Investors should ensure “compensation” is proportionate and reasonable. 

We have seen ASIC be facilitative and flexible during COVID-19 but we also see them refuse routine waivers where they have collateral concerns about coercive and control features in convertibles.

ASX scrutiny on predatory convertible instruments

ASX has recently flagged a crackdown on highly dilutive and coercive features of convertibles being issued by smaller issuers. ASX considers these arrangements may fall foul of Listing Rule 6.1 which requires equity securities to be issued on “appropriate and equitable” terms.[5]  The troubling features are the highly dilutive variable conversion price determined by the future market price of the conversion securities with no floor, and the use of “collateral shares”. 

ASX expects the issuer to disclose:

        • alternative options considered before entering into these convertibles and if none, why so; and
        • where the issuer has agreed to issue “collateral shares” to a noteholder, why other collateral is not sufficient.

ASX’s attitude to convertibles may unfortunately be skewed by these predatory instruments.

Regulatory approvals

Notes can be issued subject to the convertible feature being approved by the Australian Foreign Investment Review Board (“FIRB”).  If the investor cannot convince FIRB to fast track their review of its application on the grounds of its investment being needed to urgently save Australian jobs or businesses, then it will be subject to FIRB’s new COVID-19 temporary 6-month statutory timetable (for further information on FIRB’s approach see Impacts of FIRB changes on ECM deals during COVID-19.  Controversy follows as to who wears the risk if FIRB approval is not granted. 
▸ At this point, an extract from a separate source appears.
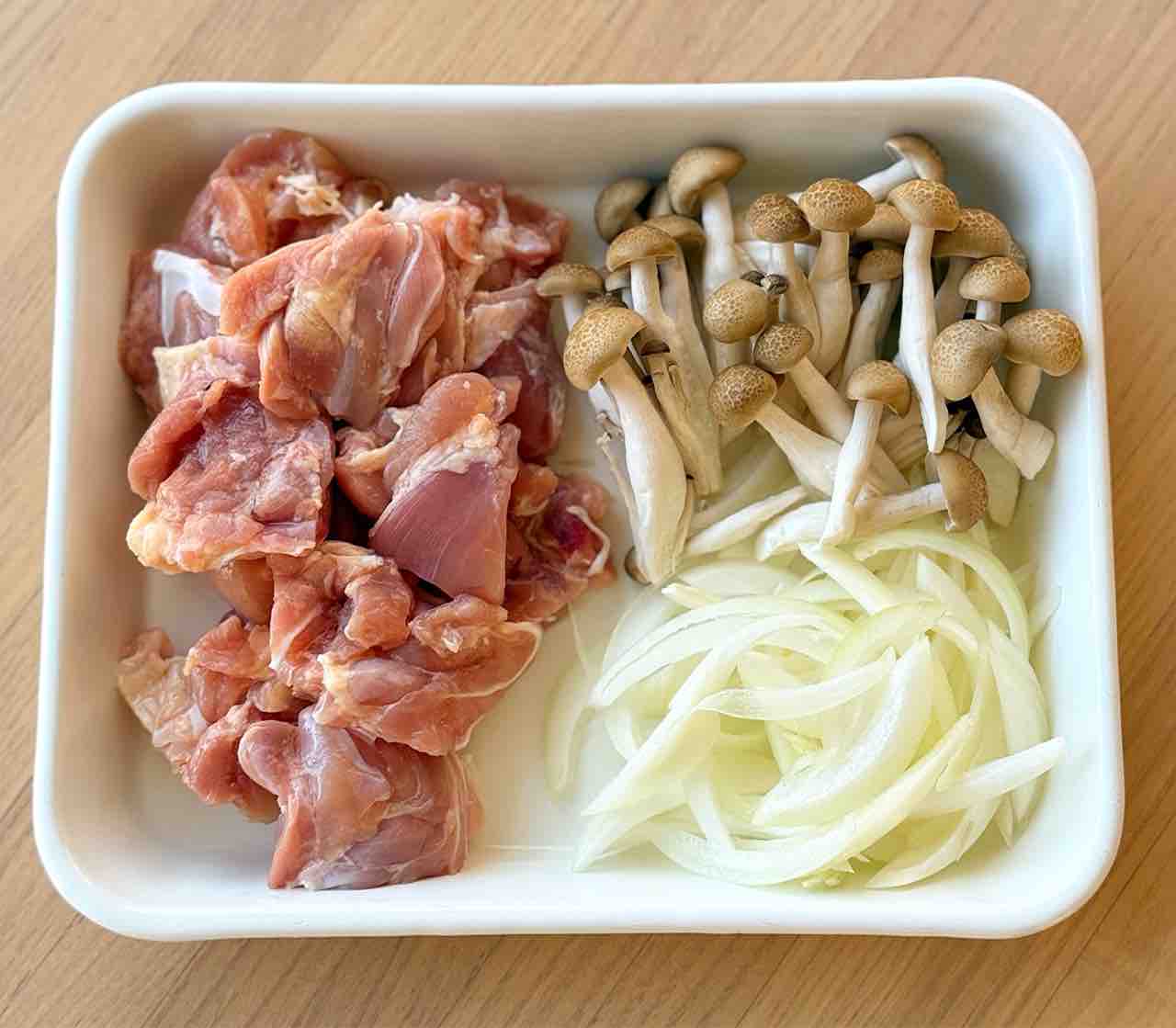 1.鶏肉は3cm大に切る。玉ねぎは薄切りにする。しめじはほぐす。

We have seen some issuers agree to cash settle the conversion if it is not approved by FIRB, but this is usually resisted as an investor risk.


[1] ZIP Co Ltd announced on 2 June 2020 it intends to issue convertible notes and warrants to an affiliate of SIG, for growth finance. The full terms have not yet been disclosed limiting our ability to consider the instrument against the usual considerations.

[2] On 25 March 2020 the Treasurer effectively suspended directors’ duty to prevent insolvent trading. Until 24 September 2020, an effective dry-dock has been established against personal liability for debts incurred in the ordinary course of the entity’s business.

[3] Billabong International Limited [2013] ATP 9.

[4] The Panel’s guidance is break fees below 1% of equity value will generally not give rise to unacceptable factors. In Billabong, the break fee represented approximately 54% of Billabong’s equity value prior to announcement.

[5] [email protected] Compliance Update no 05/20, 1 May 2020.